The compound used in these studies, MnIIITDE-2-ImP5+, is a small molecular weight, non-toxic catalytic antioxidant (Kachadourian et al, 2004; Castello et al, 2008). It possesses high superoxide dismutase activity as well catalase activity, enabling it to scavenge a broad range of reactive species including superoxide and hydrogen peroxide as well as peroxynitrite and lipid peroxides (Kachadourian et al, 2004; Castello et al, 2008). Like the endogenous antioxidant superoxide dismutase (SOD), this compound contains an active site metal that catalyzes the dismutation reaction of both superoxide and hydrogen peroxide catalytically, without requiring energy from the cell (Castello et al, 2008). MnIIITDE-2-ImP5+ has been proven efficacious at reducing oxidative stress in animal models of brain ischemic injury as well as radiation and vesicant-induced lung injury (Sheng et al, 2002; Rabbani et al, 2007; O’Neill et al, 2011; McGovern et al, 2011; Tewari-Singh et al, 2014). In the current study, we verified brain levels of the compound in plasma and hippocampus at concentrations known to exert antioxidant and neuroprotective effects (Sheng et al, 2002; O’Neill et al, 2011). Indeed, its ability to protect the glutathione redox status and prevent 3-NT adducts within the hippocampus following SE supports its antioxidant actions. Although the compound’s relatively short half-life limited chronic dosing, a high potency to catalytically detoxify diverse reactive species together with the ability to penetrate the brain and inhibit oxidative damage in vivo, make MnIIITDE-2-ImP5+ a useful tool to investigate the role of oxidative stress in neurologic disorders.
A growing body of research suggests oxidative stress is both a cause and a consequence of epileptic seizures in humans and in animal models (Patel, 2004; Menon et al, 2012; Rumià et al, 2013).
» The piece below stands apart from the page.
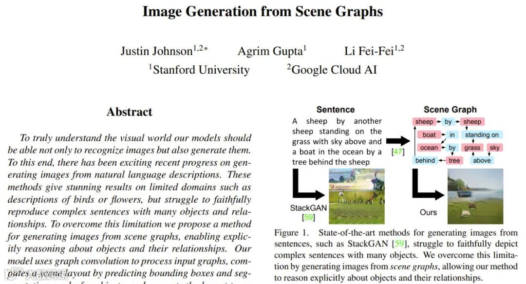 李飞飞:我为 Justin 感到自豪。我也为他在博士阶段做的最后一个工作感到自豪。那就是生成式 AI 领域方面的研究:基于输入的语言生成画面。这是最早期的生成式 AI 研究之一。那时候用的模型是生成对抗网络(GAN)。这很难用,并且使用的语言也不是自然语言,而是必须输入一个 scene graph 语言结构。所以可以看到,从匹配到风格迁移再到生成,这是一个连续演进的过程;但在外部世界看来,这些就像是突然发生的一样。

The functional role of oxidative stress in contributing to seizure-induced neuronal death largely comes from the demonstration that compounds with antioxidant-like properties exert neuroprotection (MacGregor et al, 1996; Tan et al, 1998; Rong et al, 1999; Gupta et al, 2000; Liang et al, 2008, 2012). The current study corroborates these findings and extends the literature to include mitochondrial dysfunction, specifically deficits in OCR, as a potential contributor to neuronal loss within the hippocampus (Rowley et al, 2015). We demonstrate alterations in oxidative phosphorylation assessed by OCR using real-time extracellular flux analysis. Specifically, our data suggest that synaptosomal mitochondria from epileptic animals have less metabolic reserve capacity and are unable to increase respiration to meet a large ATP demand. These findings compliment a recent study from our laboratory showing SE-induced mitochondrial dysfunction in the kainic acid model of TLE and attenuation by the same catalytic compound used in the current study (Rowley et al, 2015). Together with the findings that both SE and chronic seizures are sufficient to decrease activities of various mitochondrial enzymes and complexes of the electron transport chain, this supports the findings that there is persistent mitochondrial dysfunction in experimental TLE (Liang et al, 2000; Kudin et al, 2002; Chuang et al, 2004; Ryan et al, 2012; Rowley et al, 2015). Our data show that pharmacological removal of ROS inhibits deficits in mitochondrial respiration initiated by epileptogenic injury suggesting that ROS production may be an important driver of these deficits.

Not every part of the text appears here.